START INFORMATION GIVEN
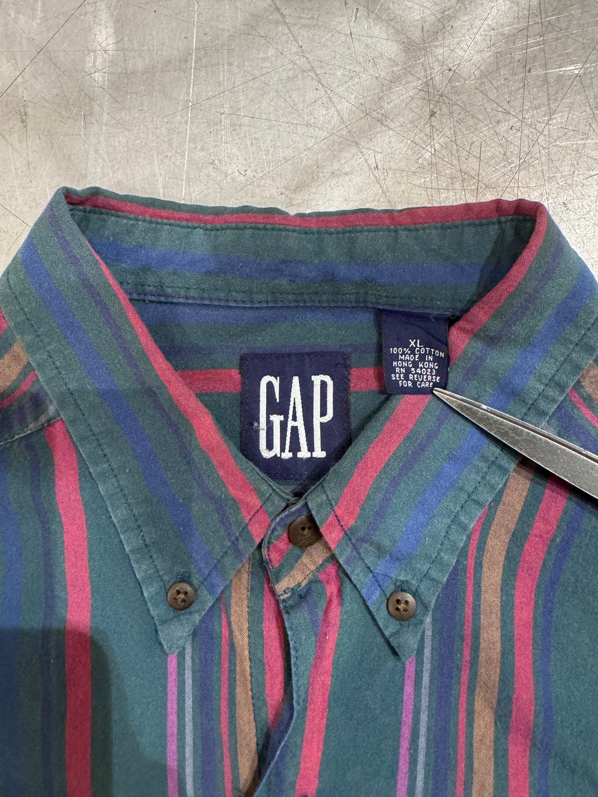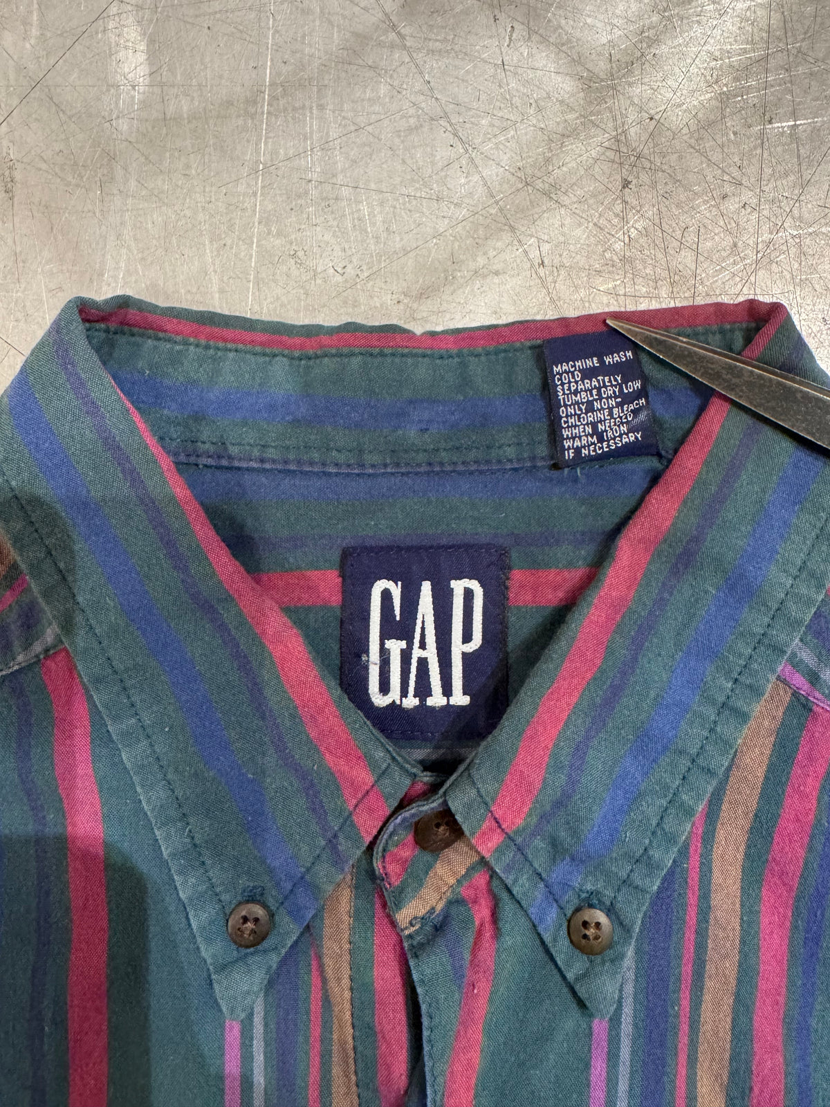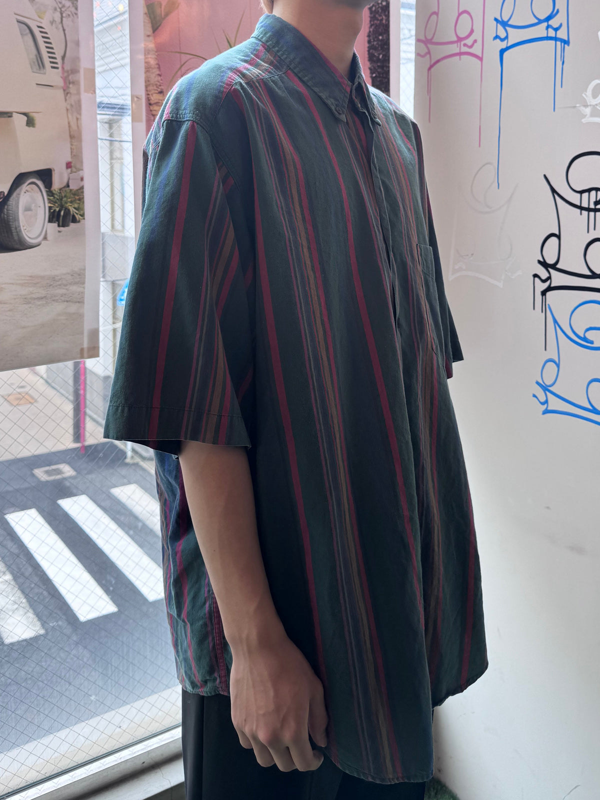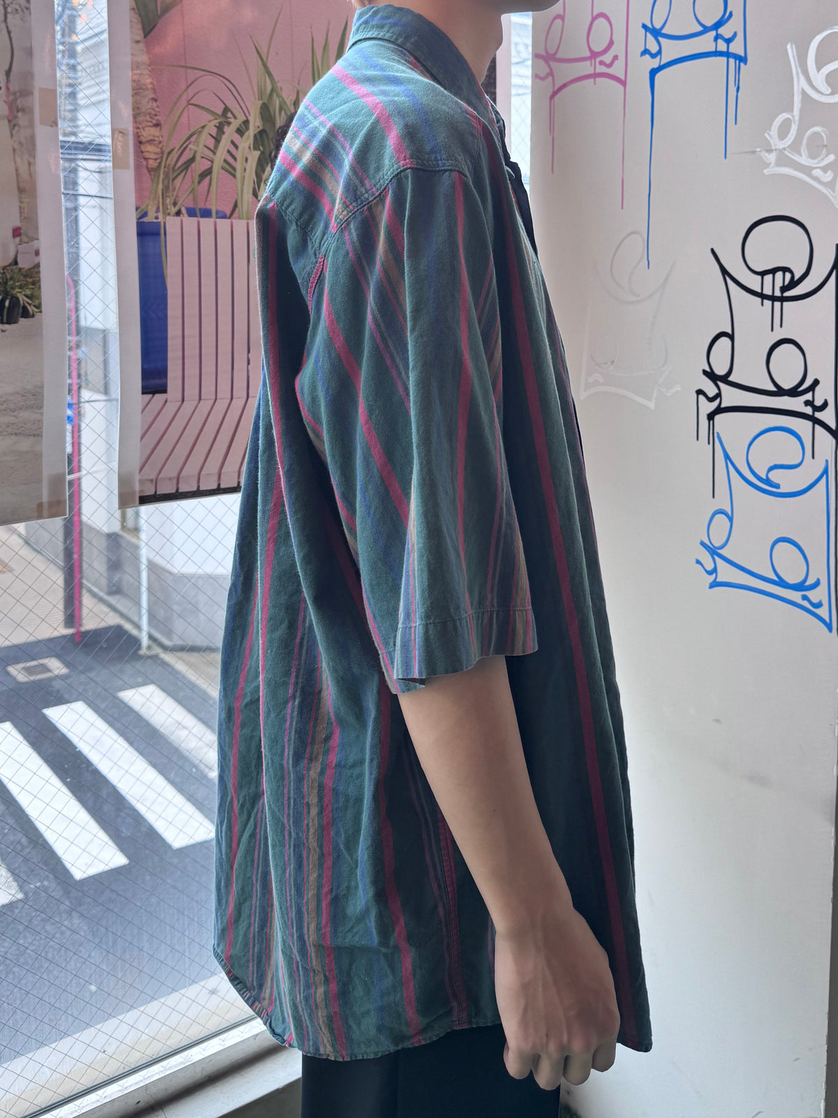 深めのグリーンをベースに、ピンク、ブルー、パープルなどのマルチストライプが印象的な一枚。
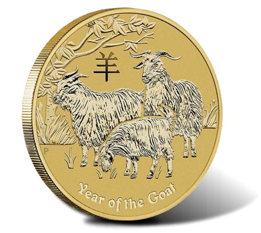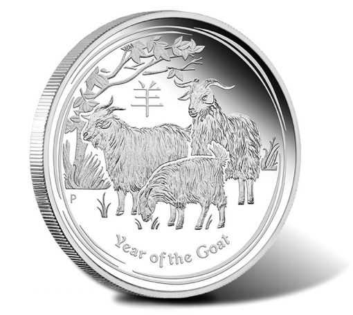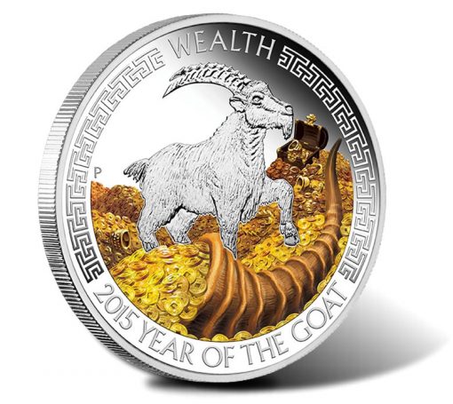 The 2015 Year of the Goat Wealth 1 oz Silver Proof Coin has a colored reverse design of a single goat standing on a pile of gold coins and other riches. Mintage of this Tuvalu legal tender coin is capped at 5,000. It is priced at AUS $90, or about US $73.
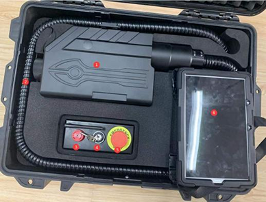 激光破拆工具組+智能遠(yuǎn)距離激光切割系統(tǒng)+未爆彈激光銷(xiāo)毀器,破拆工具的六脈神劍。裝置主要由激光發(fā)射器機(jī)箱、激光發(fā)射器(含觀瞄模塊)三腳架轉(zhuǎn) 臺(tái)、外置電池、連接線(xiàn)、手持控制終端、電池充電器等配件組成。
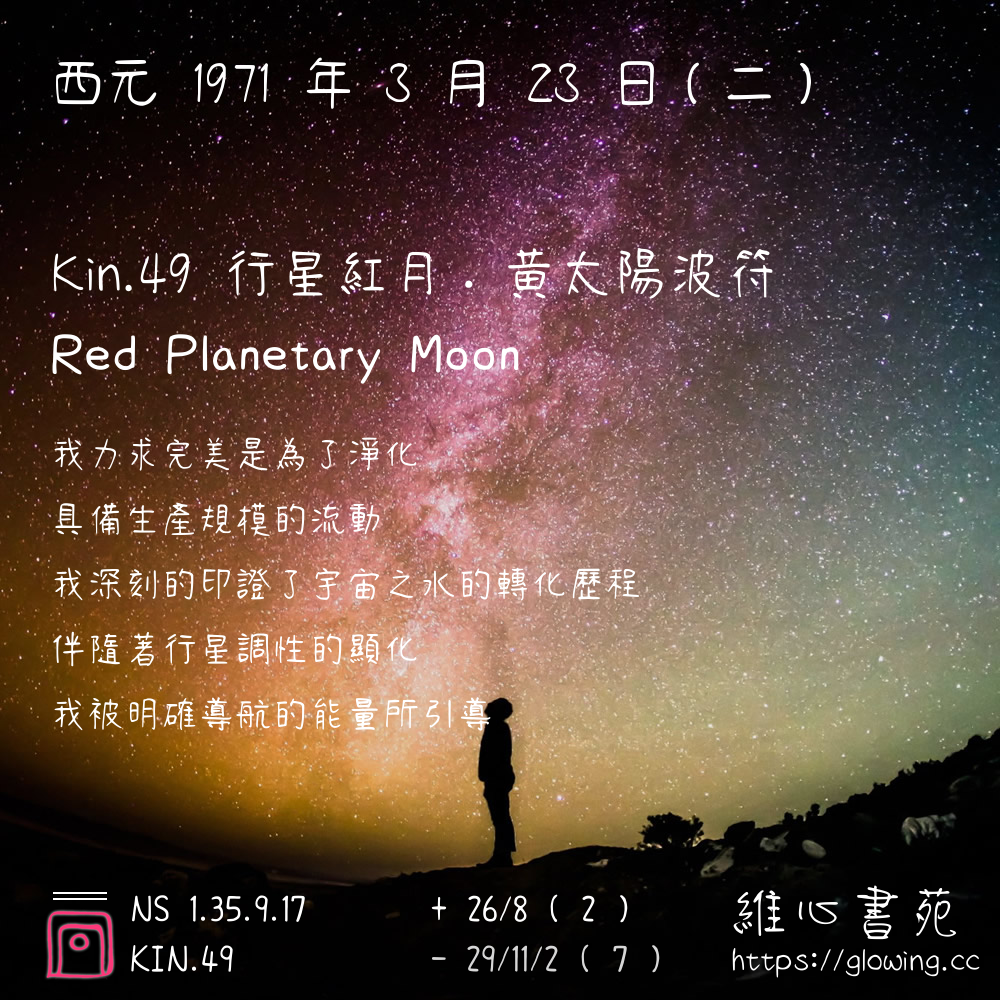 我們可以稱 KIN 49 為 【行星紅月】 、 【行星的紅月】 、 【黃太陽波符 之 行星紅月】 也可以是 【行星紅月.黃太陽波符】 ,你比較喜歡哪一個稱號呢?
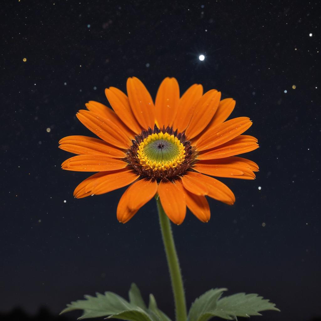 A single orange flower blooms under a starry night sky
END INFORMATION GIVEN
| WORK REQUIRED |
Transcribe every entry above exactly as it stands, but skip the images.

| YOUR SOLUTION |
 深めのグリーンをベースに、ピンク、ブルー、パープルなどのマルチストライプが印象的な一枚。
 The 2015 Year of the Goat Wealth 1 oz Silver Proof Coin has a colored reverse design of a single goat standing on a pile of gold coins and other riches. Mintage of this Tuvalu legal tender coin is capped at 5,000. It is priced at AUS $90, or about US $73.
 激光破拆工具組+智能遠(yuǎn)距離激光切割系統(tǒng)+未爆彈激光銷(xiāo)毀器,破拆工具的六脈神劍。裝置主要由激光發(fā)射器機(jī)箱、激光發(fā)射器(含觀瞄模塊)三腳架轉(zhuǎn) 臺(tái)、外置電池、連接線(xiàn)、手持控制終端、電池充電器等配件組成。
 我們可以稱 KIN 49 為 【行星紅月】 、 【行星的紅月】 、 【黃太陽波符 之 行星紅月】 也可以是 【行星紅月.黃太陽波符】 ,你比較喜歡哪一個稱號呢?
 A single orange flower blooms under a starry night sky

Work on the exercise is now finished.